Instructions for the task: With the images removed, return every line below exactly as it reads.

Exercise materials:

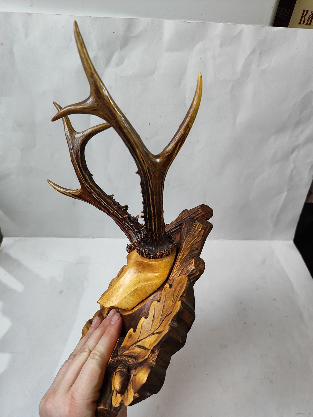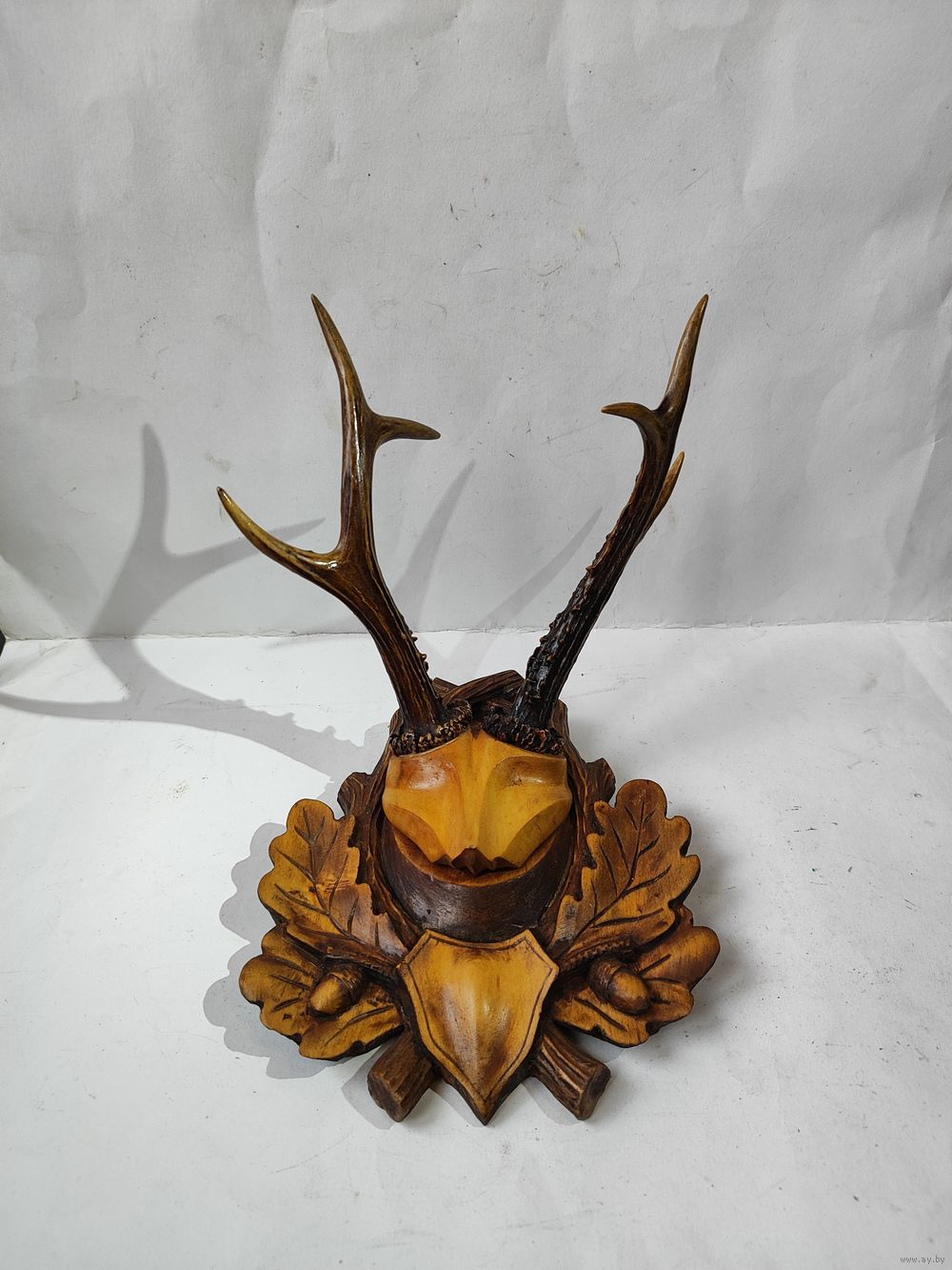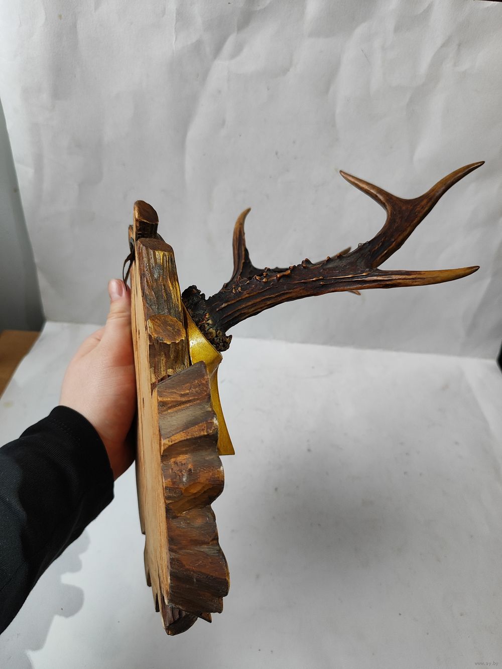 Размер длинаа-24 см. Высота от основания медальона до кончиков рогов -22 см. Состояние на фото(рога целые без реставраций).
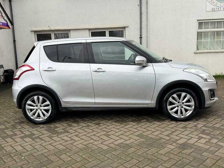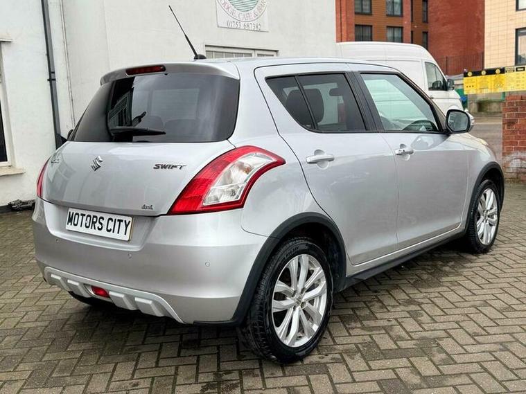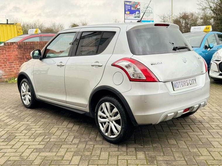 This 2015 Suzuki Swift SZ4 is a four wheel drive model offering excellent fuel economy of up to 59 miles per gallon. It features a 1.2 litre petrol engine and comes equipped with distinctive front and rear skid plates, wheel arch extensions, and side skirts, giving it a robust appearance. Inside, you'll find the convenience of Bluetooth integrated into the audio unit, allowing for handsfree calls and music streaming. The SZ4 trim also benefits from automatic headlamps that switch on by themselves and automatic air conditioning for a comfortable cabin environment.
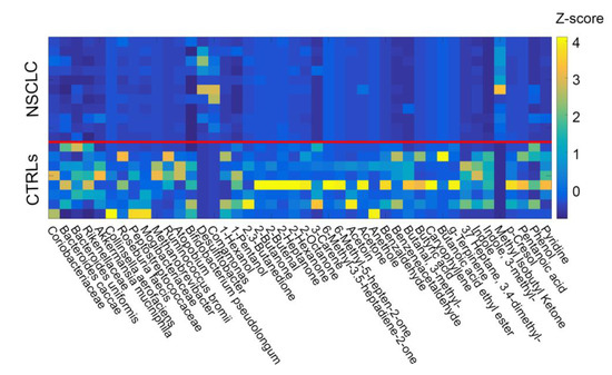 In lung cancer studies, a different pool of metabolites, i.e., ketones, esters, aldehydes and alcohols, were considered in order to discriminate among groups of patients [17]. However, the specific biological matrices affected both the qualitative and quantitative profiles of the final set of possible biomarkers [29,30].
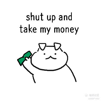 a cartoon cat is holding a green dollar bill and saying shut up and take my money
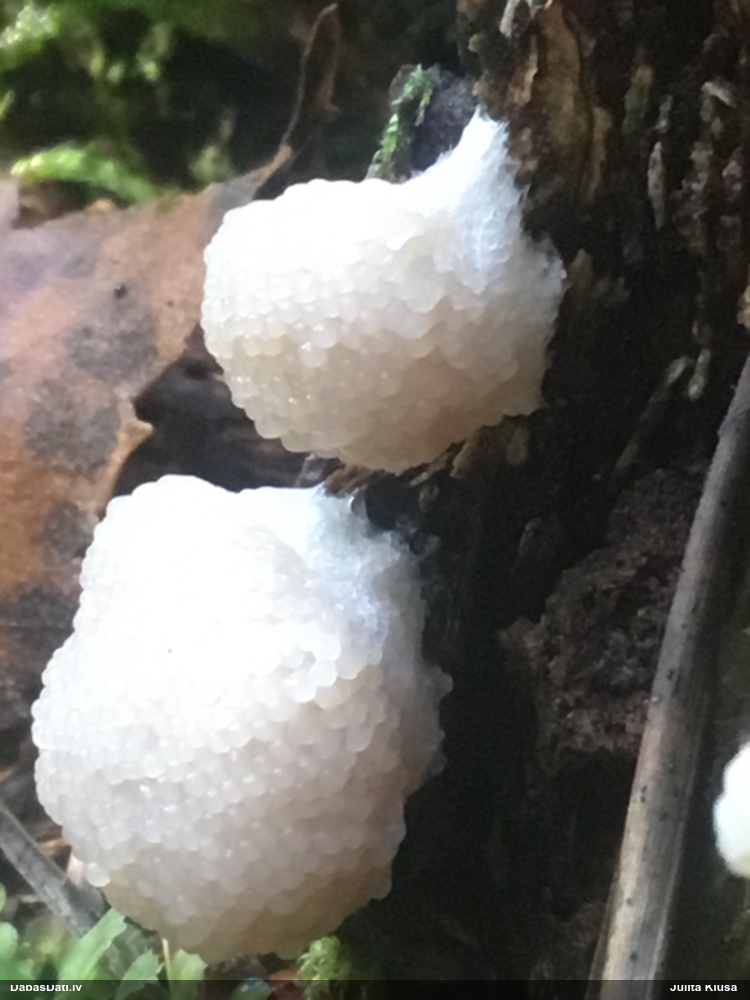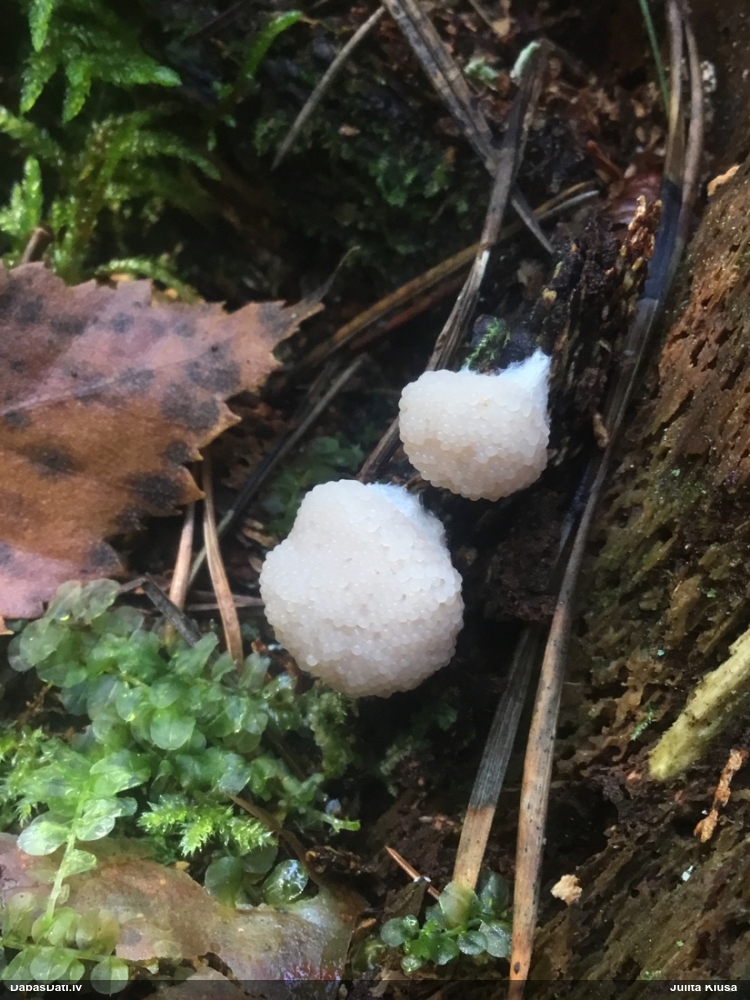 Man šis vairāk izskatās pēc nepilnīgas attīstības (stūrainās sporas arī no tā), tāpēc smalkas detaļas var nebūt precīzas. Priekš Diderma spumarioides atbilst ne tikai pakāje un sporu izmērs, bet arī tipiskais augšanas laiks augustā. Tas, kas mulsina, ir minētā priede, jo citos šīs sugas novērojumos priede nav minēta, un mežs tipiski vairāk nemorāls.
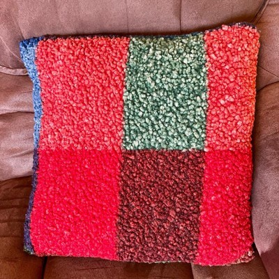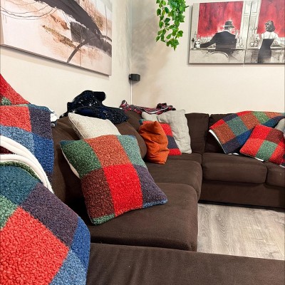 Add cozy style to your living space with this Square Chalet Plaid Printed Boucle Throw Pillow from Room Essentials™. This 18-inch square pillow showcases a fuzzy boucle surface adorned with a vibrant chalet plaid pattern in warm, inviting colors that complement any seasonal decor. Featuring a soft fabric exterior and a well-filled interior, the decorative pillow adds plenty of comfort and festive style to your sofa, couch, bench or bed.
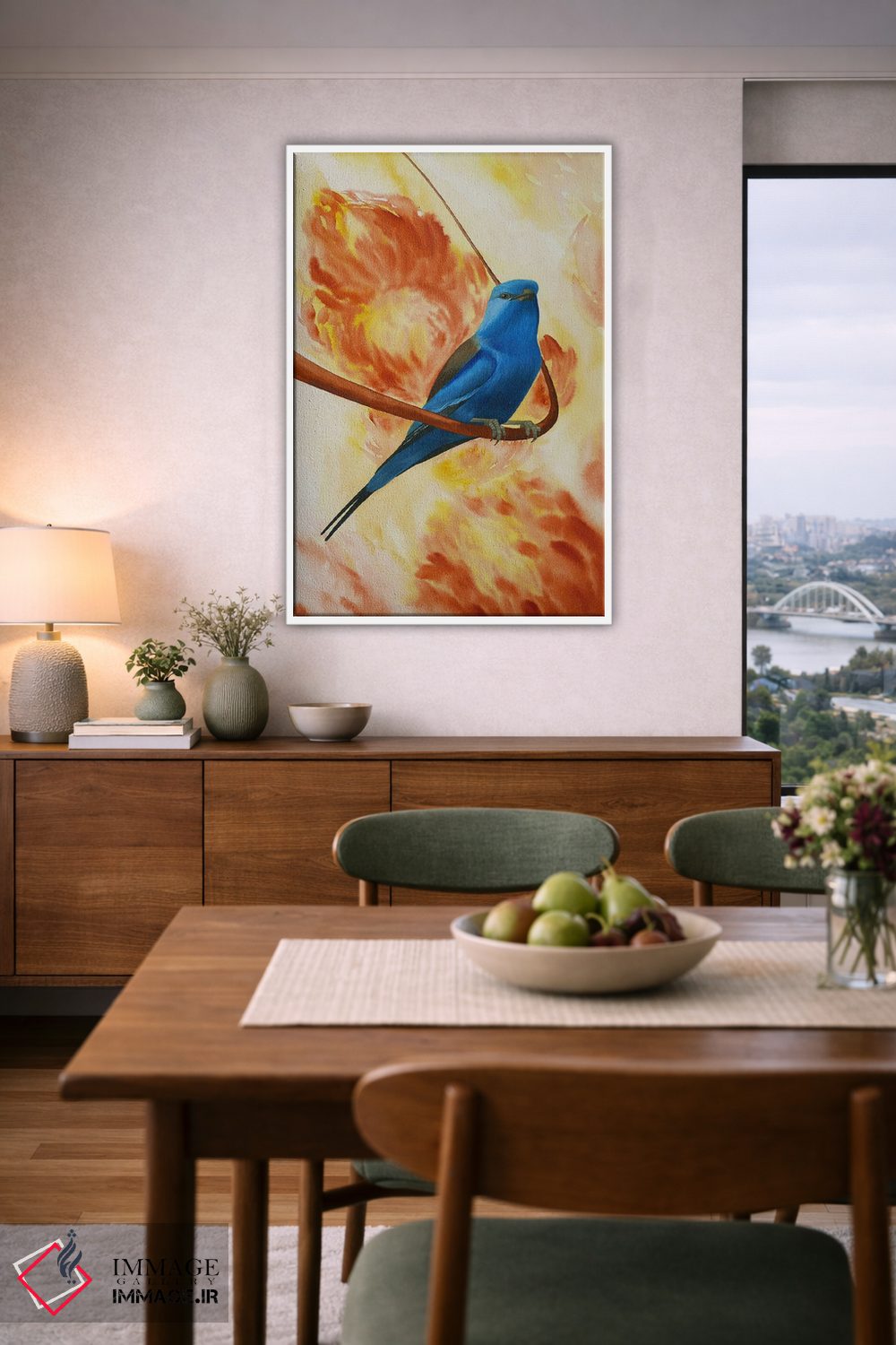 اگر میخواهید دیوار کمی سرزندگیِ محترمانه داشته باشد، «پرنده آبی روی شاخه با گلها» اثرِ «کارینا دانیلچوک» در کنار رنگهای خنثی، تضاد دلچسبی میسازد، برای اتاق بازی یا گوشهٔ مطالعه گزینهٔ مناسبیست. هم فضا را گرم میکند، هم شلوغش نمیکند.
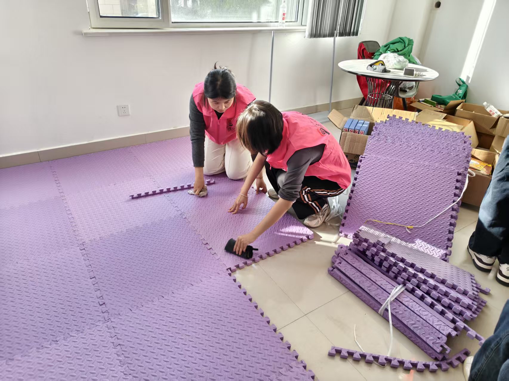 寒冬时节,社区儿童教室地板凉意明显,且儿童活动中存在磕碰隐患。志愿者们走进教室后,迅速开展铺垫工作,大家分工协作、细致操作,经过一小时的忙碌,圆满完成铺垫任务,为孩子们隔绝了地面凉意,有效降低了磕碰风险。志愿服务尾声,志愿者们又共同行动,将教室内所有物品逐一归位,确保教室环境整洁有序。
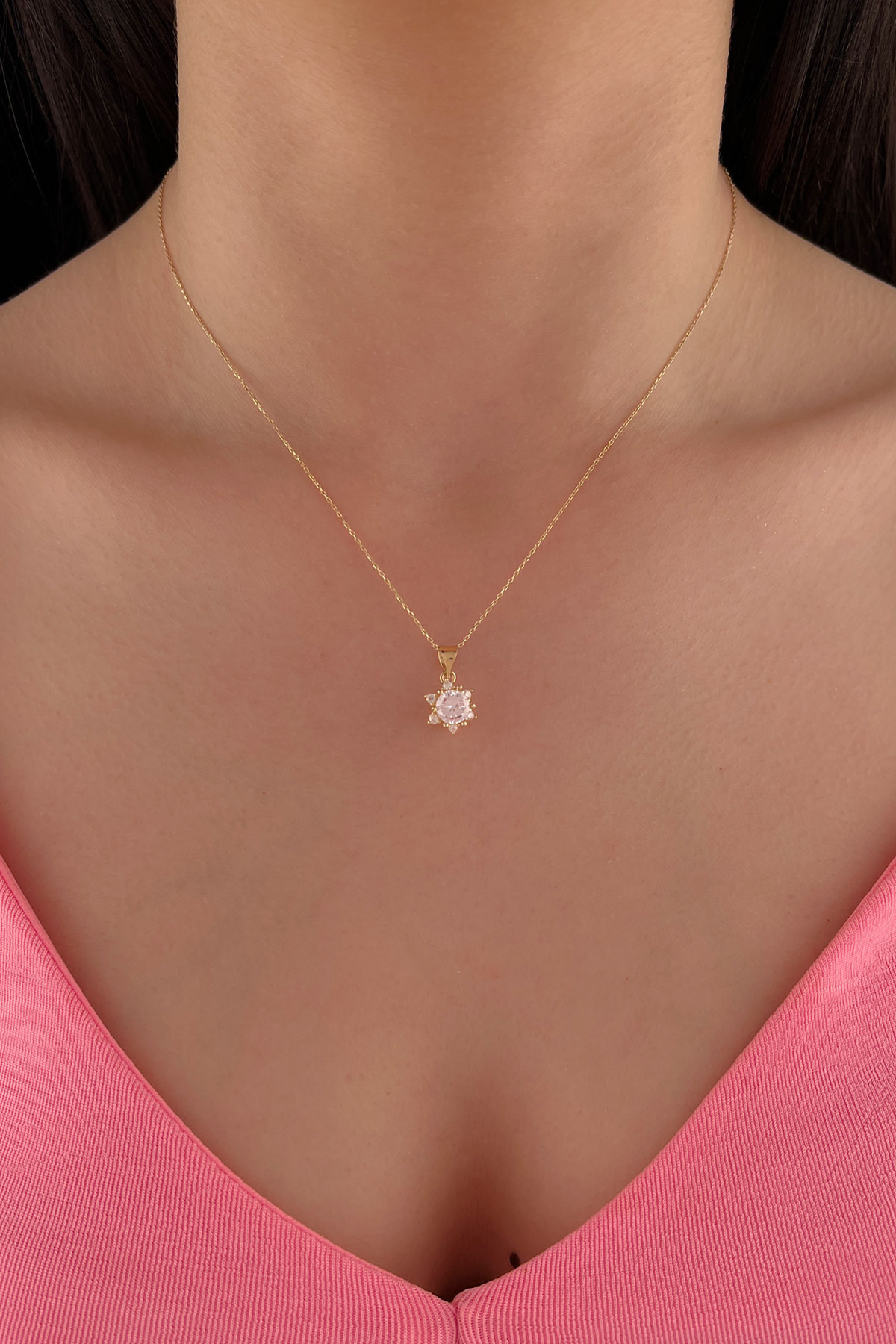 14 ayar altından üretilen Lotus Kolye, 42 cm uzunluğunda ve 9,65 mm genişliğinde uca sahiptir. Yaklaşık 2,85 gram ağırlığındaki saflığı simgeleyen bu kolye, 1 yıl garantilidir.
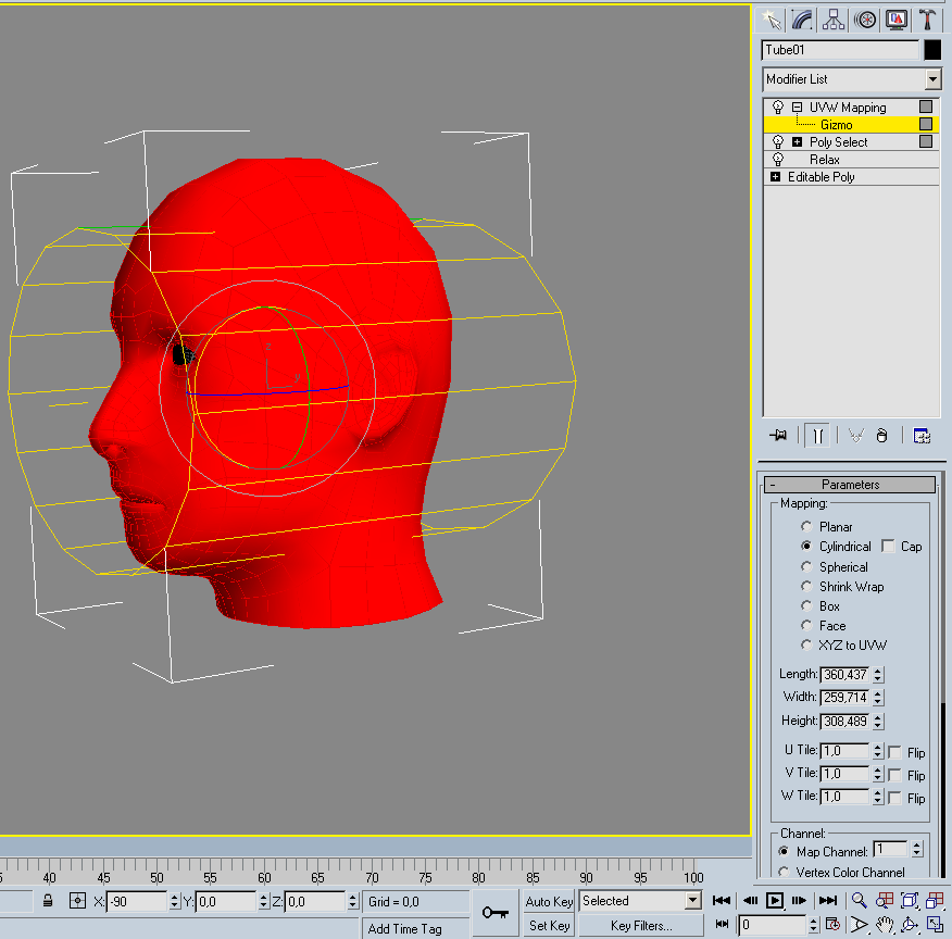 |  Daha sonradan UVW Mapping atayarak Cylindirical seçeneğini işaretliyoruz. Fakat Mapping istediğimiz gibi değil. Bu yünden X yönünde -90 derece döndürüyoruz. |
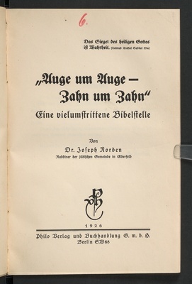 "Auge um Auge - Zahn um Zahn" : eine vielumstrittene Bibelstelle / von Dr. Joseph Norden (Rabbiner der jüdischen Gemeinde in Elberfeld)
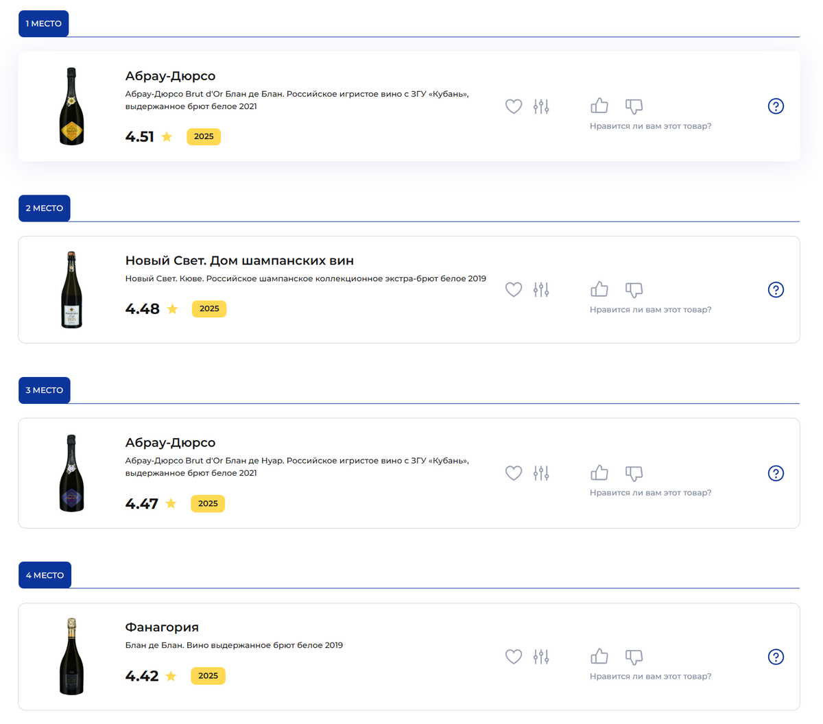 На первых четырёх местах представители Абрау-Дюрсо, Нового Света и Фанагории.
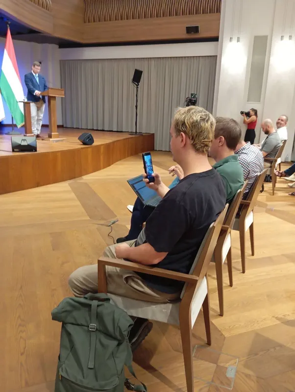 Újságírókat fotózott, laptopokba, táskákba próbált belelesni a 444 munkatársa a Kormányinfón
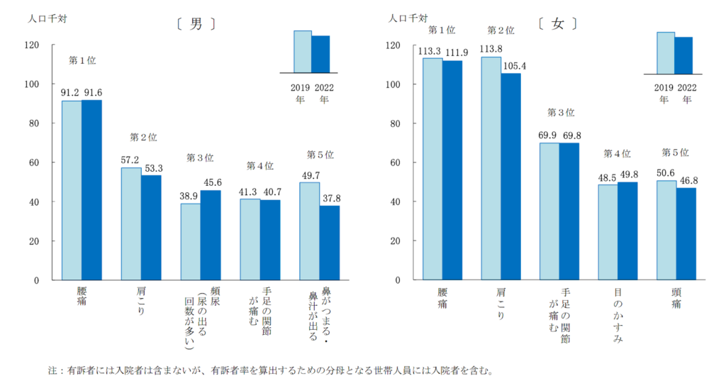 厚生労働省が2022年に行った国民生活基礎調査によると、国民の4人に1人は「病気やけが等で自覚症状のある者(有訴者)」であると言われています。男女ともに「腰痛」「肩こり」が1位、2位を独占していますが特に女性は肩こりの症状を抱えている割合が下記グラフからもわかると思います。

Output below:
 Размер длинаа-24 см. Высота от основания медальона до кончиков рогов -22 см. Состояние на фото(рога целые без реставраций).
 This 2015 Suzuki Swift SZ4 is a four wheel drive model offering excellent fuel economy of up to 59 miles per gallon. It features a 1.2 litre petrol engine and comes equipped with distinctive front and rear skid plates, wheel arch extensions, and side skirts, giving it a robust appearance. Inside, you'll find the convenience of Bluetooth integrated into the audio unit, allowing for handsfree calls and music streaming. The SZ4 trim also benefits from automatic headlamps that switch on by themselves and automatic air conditioning for a comfortable cabin environment.
 In lung cancer studies, a different pool of metabolites, i.e., ketones, esters, aldehydes and alcohols, were considered in order to discriminate among groups of patients [17]. However, the specific biological matrices affected both the qualitative and quantitative profiles of the final set of possible biomarkers [29,30].
 a cartoon cat is holding a green dollar bill and saying shut up and take my money
 Man šis vairāk izskatās pēc nepilnīgas attīstības (stūrainās sporas arī no tā), tāpēc smalkas detaļas var nebūt precīzas. Priekš Diderma spumarioides atbilst ne tikai pakāje un sporu izmērs, bet arī tipiskais augšanas laiks augustā. Tas, kas mulsina, ir minētā priede, jo citos šīs sugas novērojumos priede nav minēta, un mežs tipiski vairāk nemorāls.
 Add cozy style to your living space with this Square Chalet Plaid Printed Boucle Throw Pillow from Room Essentials™. This 18-inch square pillow showcases a fuzzy boucle surface adorned with a vibrant chalet plaid pattern in warm, inviting colors that complement any seasonal decor. Featuring a soft fabric exterior and a well-filled interior, the decorative pillow adds plenty of comfort and festive style to your sofa, couch, bench or bed.
 اگر میخواهید دیوار کمی سرزندگیِ محترمانه داشته باشد، «پرنده آبی روی شاخه با گلها» اثرِ «کارینا دانیلچوک» در کنار رنگهای خنثی، تضاد دلچسبی میسازد، برای اتاق بازی یا گوشهٔ مطالعه گزینهٔ مناسبیست. هم فضا را گرم میکند، هم شلوغش نمیکند.
 寒冬时节,社区儿童教室地板凉意明显,且儿童活动中存在磕碰隐患。志愿者们走进教室后,迅速开展铺垫工作,大家分工协作、细致操作,经过一小时的忙碌,圆满完成铺垫任务,为孩子们隔绝了地面凉意,有效降低了磕碰风险。志愿服务尾声,志愿者们又共同行动,将教室内所有物品逐一归位,确保教室环境整洁有序。
 14 ayar altından üretilen Lotus Kolye, 42 cm uzunluğunda ve 9,65 mm genişliğinde uca sahiptir. Yaklaşık 2,85 gram ağırlığındaki saflığı simgeleyen bu kolye, 1 yıl garantilidir.
 |  Daha sonradan UVW Mapping atayarak Cylindirical seçeneğini işaretliyoruz. Fakat Mapping istediğimiz gibi değil. Bu yünden X yönünde -90 derece döndürüyoruz. |
 "Auge um Auge - Zahn um Zahn" : eine vielumstrittene Bibelstelle / von Dr. Joseph Norden (Rabbiner der jüdischen Gemeinde in Elberfeld)
 На первых четырёх местах представители Абрау-Дюрсо, Нового Света и Фанагории.
 Újságírókat fotózott, laptopokba, táskákba próbált belelesni a 444 munkatársa a Kormányinfón
 厚生労働省が2022年に行った国民生活基礎調査によると、国民の4人に1人は「病気やけが等で自覚症状のある者(有訴者)」であると言われています。男女ともに「腰痛」「肩こり」が1位、2位を独占していますが特に女性は肩こりの症状を抱えている割合が下記グラフからもわかると思います。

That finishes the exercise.